La sorte peggiore che ci potesse toccare

Il campo dell'Armando Picchi di Livorno (Foto Novi)

Il campo dell'Armando Picchi di Livorno (Foto Novi)

Livorno, 24 marzo 2021 - In una situazione come questa è impossibile non cedere alla rabbia. Vedere il Livorno Calcio cadere così in disgrazia ci consegna a una sensazione di tristezza infinita. Siamo con le mani in alto, dietro alla nuca, faccia al muro, senza poter far nulla per sottrarci all'esecuzione. Si è detto e scritto di tutto, da un paio di anni a questa parte. Piu' dolori che gioie, piu' lacrime che sorrisi. Ma avevamo sempre sperato che a un certo punto la ruota tornasse a girare per il verso giusto e ci riportasse almeno a distanza di sicurezza dalle porte dell'inferno calcistico. Invece no. In questi ultimi mesi abbiamo vissuto l'agonia di un suicidio assistito. Il calcio è come la vita: se sai affrontarlo ti salvi, altrimenti sei fuori dal gioco. Devi spendere, per vivere. Devi investire, devi far girare i soldi, devi essere parte attiva del mercato, devi rischiare di brutto, se occorre. Solo così, sgomitando ma costruendo, anche con qualche scivolone, puoi restare nel calcio che conta. Altrimenti sei fuori. Sei fuori perché non servi a un paradiso in cui non si può stare a dispetto dei santi.

Disse una volta De Laurentiis, il presidente del Napoli: "Spinelli, se vuoi stare nel calcio che conta non puoi fare la questua tutti gli anni". Non fu un signore, certo, ma disse una verità. Tutti noi abbiamo sempre sognato di vedere il Livorno in Champions League, ma non lo abbiamo mai chiesto, non lo abbiamo mai preteso. Ci sarebbe bastato stare almeno su un'altalena dignitosa fra la Serie B e la Serie A. Guardate l'Empoli, per esempio: dopo un po' di purgatorio torna sempre a riveder le stelle. Noi invece ci siamo visti strappare dalle mani tutto per colpa di gestioni sciagurate e allucinanti. Qualcuno aveva promesso che ci avrebbe lasciati in mani sicure, invece ci ritroviamo in una selva di pugni, ceffoni e debiti. Con giocatori che sono scappati perché non venivano pagati, con dipendenti lavoratori che non hanno ricevuto lo stipendio, con tabellini impietosi fatti di ragazzi presi in fretta e furia dalla Primavera e sbattuti anzitempo in campo chiedendo loro di dimostrare subito di essere Garrincha. Ma via! 

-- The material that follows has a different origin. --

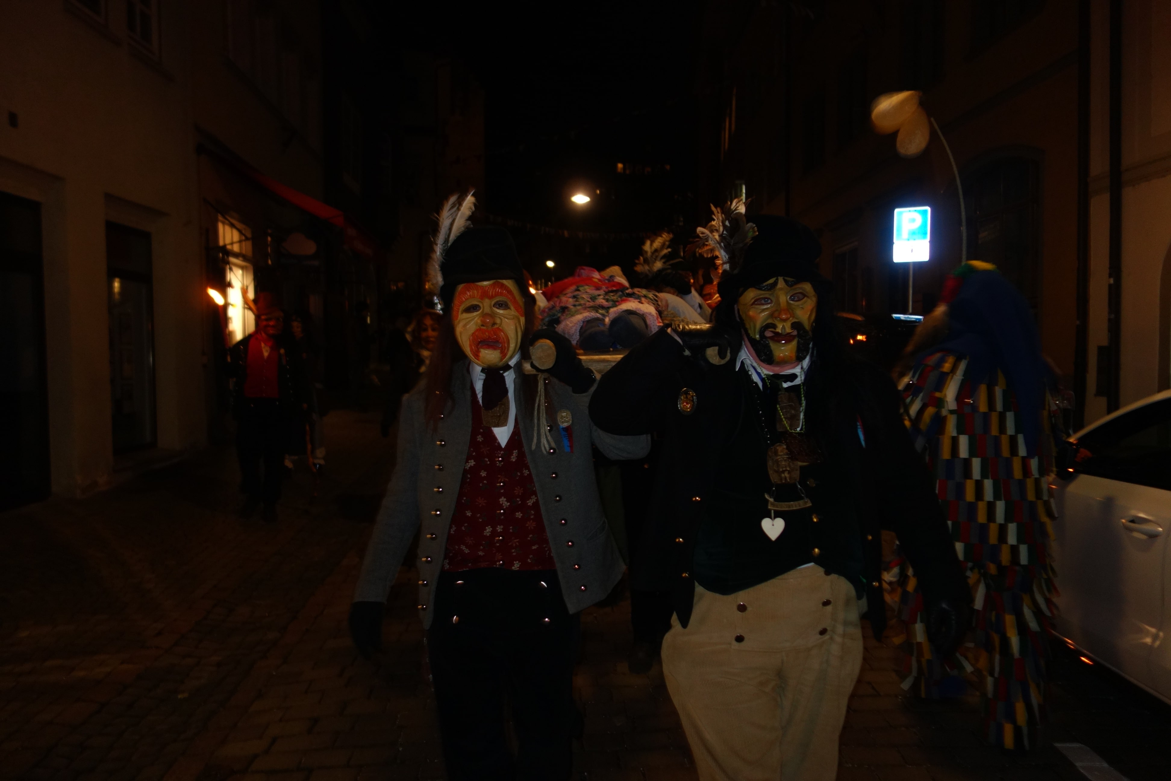 Und so ging die "alte" Fasnet dahin ... den Weg alles Irdischen. Getragen von den Räubern wurde sie auf ihrem letzten Gang von vielen Zuschauern, Zunftmitgliedern und Vertretern der Stadt begleitet. Alle Reanimationsversuche scheiterten, nichts, aber auch gar nichts wollte ihr nochmals den Odem des Lebens einhauchen.

Abbiamo otto punti di penalizzazione per colpa non dei giocatori rimasti, non per colpa degli allenatori, non per colpa dei tifosi. Siamo ultimi in Serie C. Facciamo esultare squadre e gente di paesi sperduti nelle province delle province dove il grigio è piu' grigio del grigio, dove gli stadi hanno tribune così basse (se le hanno) che si vedono i semafori e si sentono i clacson delle macchine fuori. Dove il club di ultras piu' nutrito conta 20 persone e uno striscioncino in croce. Dove quando arriva il Livorno dicono "Oh, speriamo che non ce ne faccia quattro...". Invece abbiamo fatto beneficenza e non ci siamo fatti rispettare, perché se sei qualcuno nel calcio non ti danno i rigori contro negli ultimi minuti della partita, o le punizioni contro, o i fuorigioco contro. Se hai un po' di peso (un po', dico) magari gli arbitri non ti aiuteranno spudoratamente, ma nemmeno ti daranno un rigore contro dopo averci ripensato. E per di piu' in casa. 

No via, è impossibile non cedere alla rabbia per tutto questo. E' impossibile non mangiarsi il fegato nel vedere che a 20 chilometri da qui è arrivato un russo-inglese che spenderà per la squadra e per lo stadio, o nel vedere che a Spezia è arrivato un americano che vuole investire nel calcio e non solo. A Livorno chi abbiamo? Cosa abbiamo? Su quale prospettiva ci affacciamo? Sull'incognita totale, perché in questo momento non sappiamo neanche che tipo di Serie D faremo. La matematica ancora non ci condanna, ma la logica sì. Chi visse sperando fece una fine indecorosa. Che poi è quella che stiamo facendo noi, a meno di un'impresa calcistica da mille e una notte. Ma per il momento la notte è una sola, ed è la piu' buia. Sappiamo di chi è la colpa e sappiamo anche che purtroppo noi non possiamo farci nulla. Ecco, il nulla: la sorte piu' impietosa che ci potesse toccare.